Task-Oriented Genetic Activation for Large-Scale Complex Heterogeneous Graph Embedding

Abstract

The recent success of deep graph embedding innovates the graphical information characterization methodologies. However, in real-world applications, such a method still struggles with the challenges of heterogeneity, scalability, and multiplex. To address these challenges, in this study, we propose a novel solution, Genetic hEterogeneous gRaph eMbedding (GERM), which enables flexible and efficient task-driven vertex embedding in a complex heterogeneous graph. Unlike prior efforts for this track of studies, we employ a task-oriented genetic activation strategy to efficiently generate the "Edge Type Activated Vector" (ETAV) over the edge types in the graph. The generated ETAV can not only reduce the incompatible noise and navigate the heterogeneous graph random walk at the graph-schema level, but also activate an optimized subgraph for efficient representation learning.
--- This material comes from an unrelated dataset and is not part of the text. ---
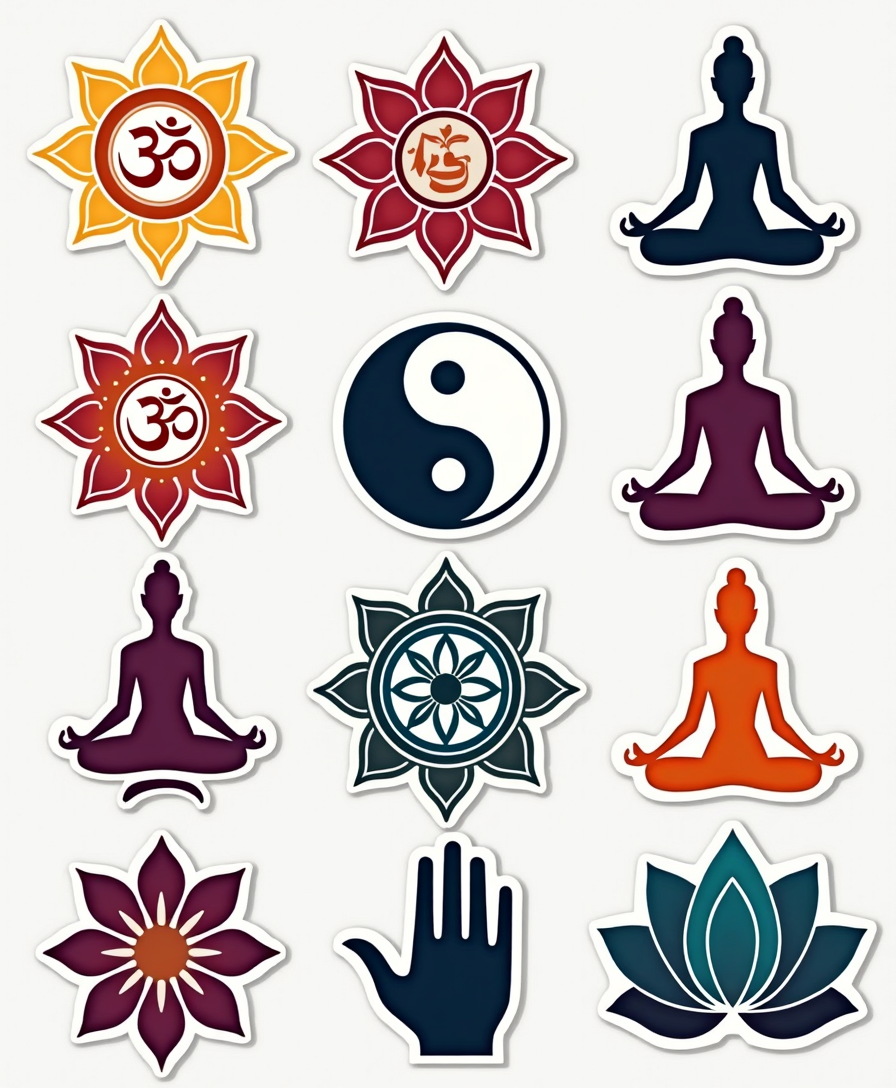 A mindful collection of yoga poses, mudras, chakras, and sacred symbols designed as vibrant stickers to inspire inner peace and balance.

By revealing the correlation between the graph structure and task information, the model interpretability can be enhanced as well. Meanwhile, an activated heterogeneous skip-gram framework is proposed to encapsulate both topological and task-specific information of a given heterogeneous graph. Through extensive experiments on both scholarly and e-commerce datasets, we demonstrate the efficacy and scalability of the proposed methods via various search/recommendation tasks. GERM can significantly reduces the running time and remove expert-intervention without sacrificing the performance (or even modestly improve) by comparing with baselines.